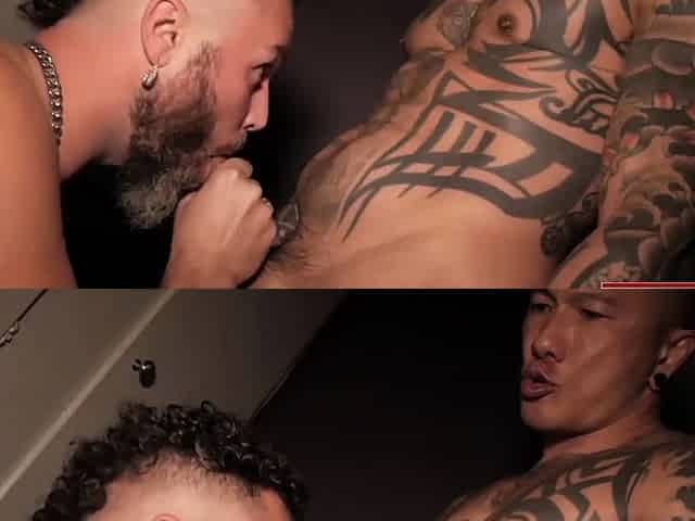 "Tattooed Damian X Dragon Manhandles Bottom Matthew Dragon"
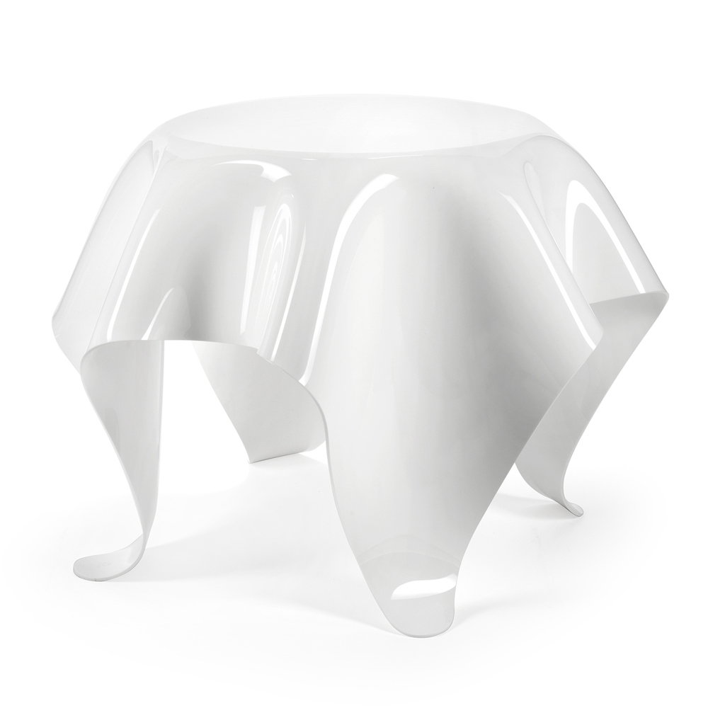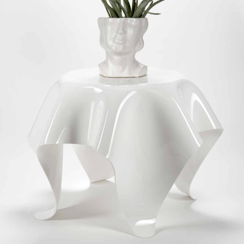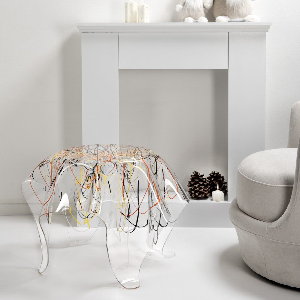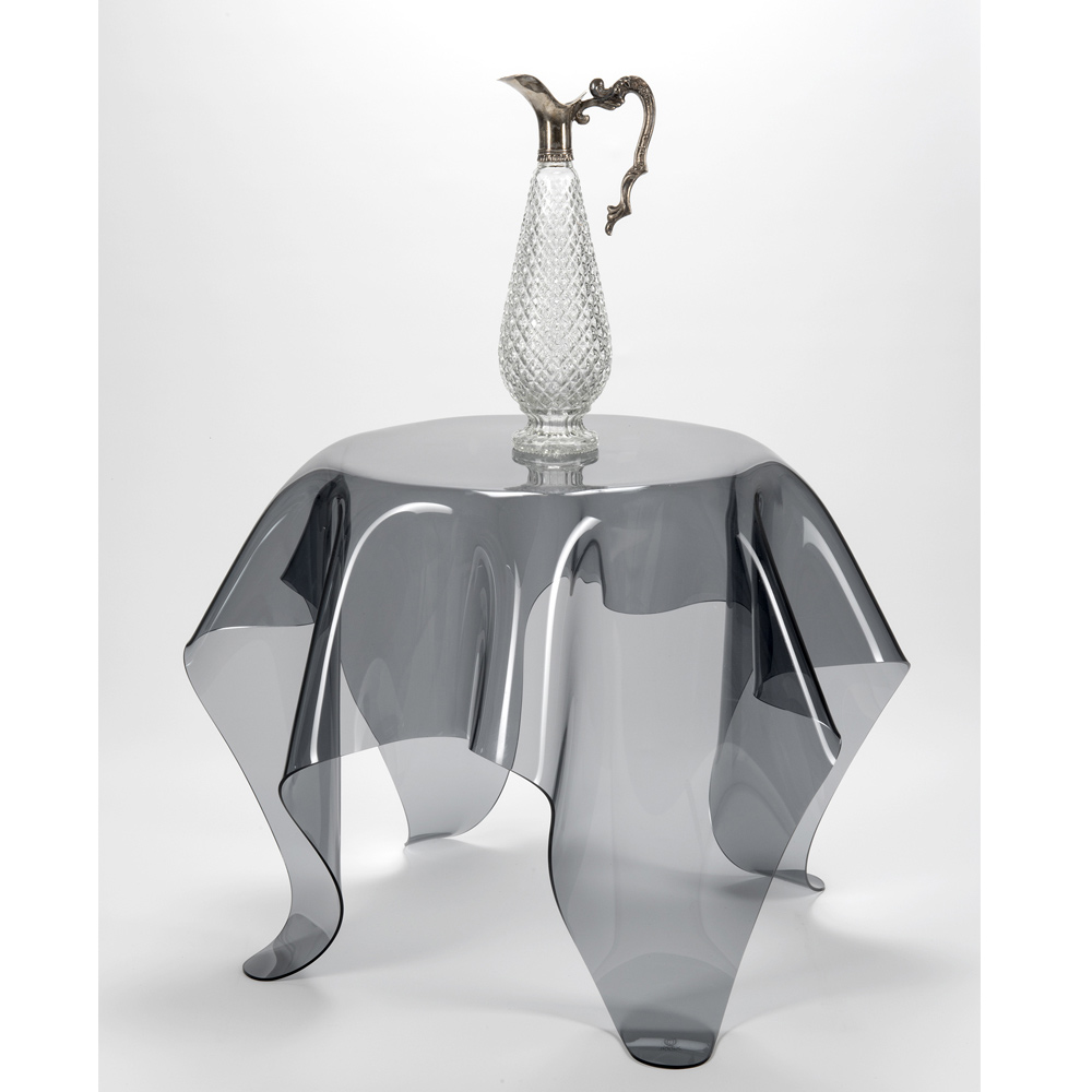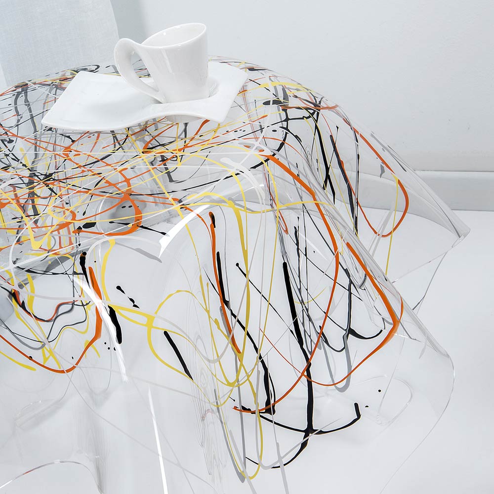 Salontafel in plexiglas met handgemaakte gordijnen Made in Italy.
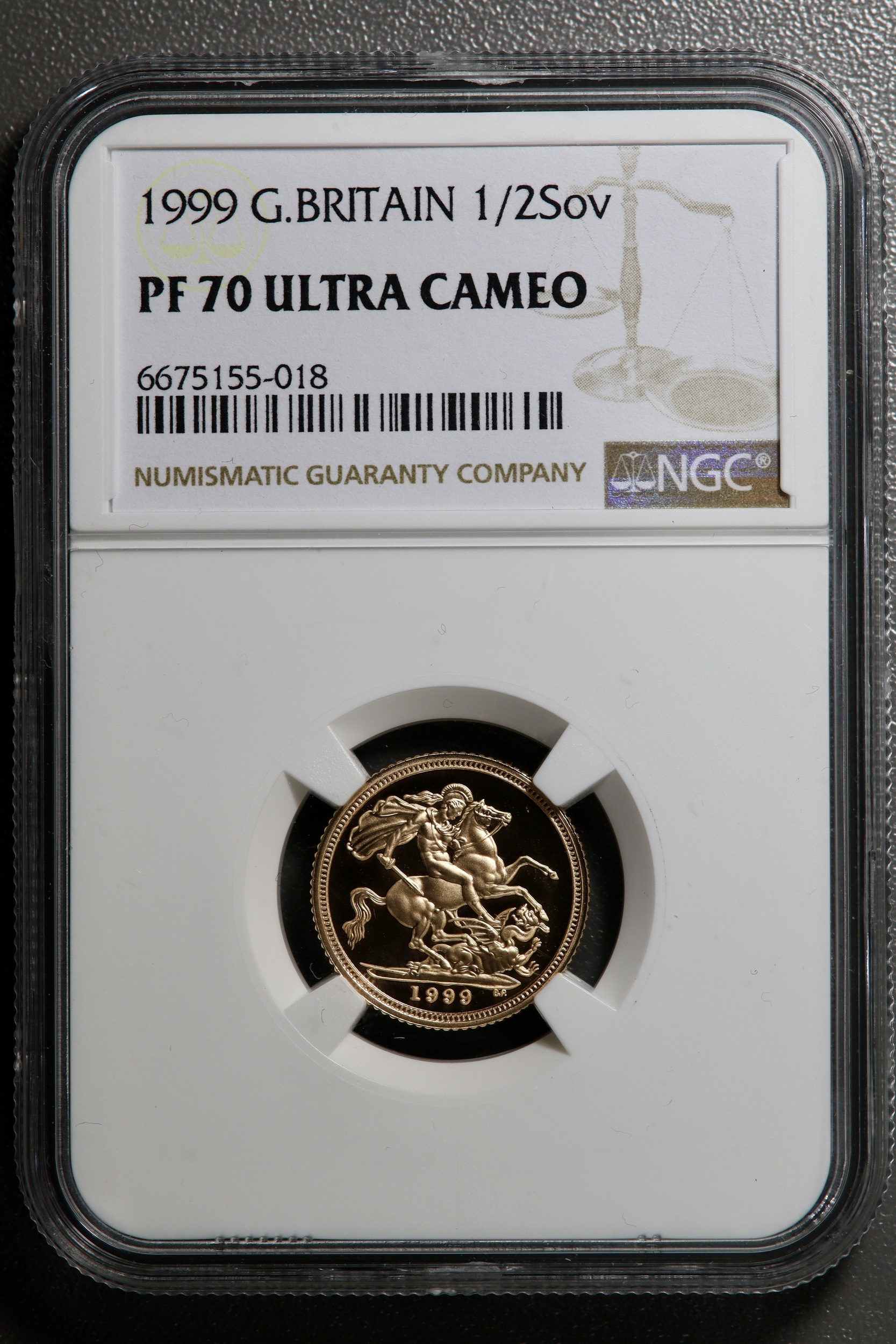 1999 Queen Elizabeth 11 gold half proof sovereign. Professionally graded by NGC PF70 - the finest
* * * *
Give back an exact copy of only the lines from the one with "Salontafel in plexiglas" through the final line of the material, both included. Pictures do not belong in it.

 Salontafel in plexiglas met handgemaakte gordijnen Made in Italy.
 1999 Queen Elizabeth 11 gold half proof sovereign. Professionally graded by NGC PF70 - the finest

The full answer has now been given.